Countryside and Rights of Way Act 2000
2000 CHAPTER 37
Introduction
Part I: Access to the Countryside
Commentary on sections
Sections 12 to 14: Rights and liabilities of owners and occupiers
28.Section 12 provides that the right of access does not increase the liability of a person interested in the land in respect of the state of the land or things done on it. It also provides that persons interested in the land will not be liable for the breach of any covenant restricting the use of the land, and that the statutory right takes precedence over the covenant. Under subsections (3) and (4), use of any path or area of land in exercise of the right of access cannot support a claim for the existence of a right of way or of a town or village green.
29.Section 13 amends the Occupiers’ Liability Act 1957 so as to reduce the liability of occupiers of land owed to those exercising the right of access to the same level which would be owed to trespassers, but further provides (by amending the Occupiers’ Liability Act 1984) that, at any time when the right is exercisable, occupiers of access land will owe no liability to those exercising the right of access, nor to trespassers, in respect of risks arising from: natural features of the landscape; any river, stream, ditch or pond; and the passage of any person across a wall, fence or gate (except by proper use of a gate or stile). “Natural features” are defined so as to include any plant, shrub or tree. Liability is not excluded in any of these circumstances if the risk arises from anything done intentionally or recklessly by the occupier. Subsection (3) provides that the courts, in determining whether any liability is owed to non-visitors on access land, must have regard to certain additional considerations.

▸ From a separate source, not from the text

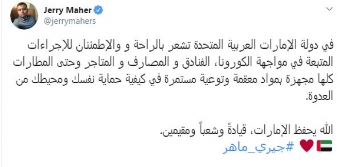 جيري ماهر يُشيد بإجراءات الإمارات ضد كورونا

30.Section 14 introduces a new offence of displaying a notice containing false or misleading information on or near access land (or a way leading to it) likely to deter the exercise of the statutory right. The offence is similar to an existing offence relating to rights of way (section 57 of the National Parks and Access to the Countryside Act 1949). The offence would apply, for example, to notices forbidding access to access land, or purporting to indicate that access land is closed when it is not, and would attract a fine on conviction of up to level 1 on the standard scale (currently £200). The courts may order that an offender should remove the notice, and a further offence — attracting a penalty of level 3 (currently £1,000) on the standard scale — is committed if the offender does not comply with the order.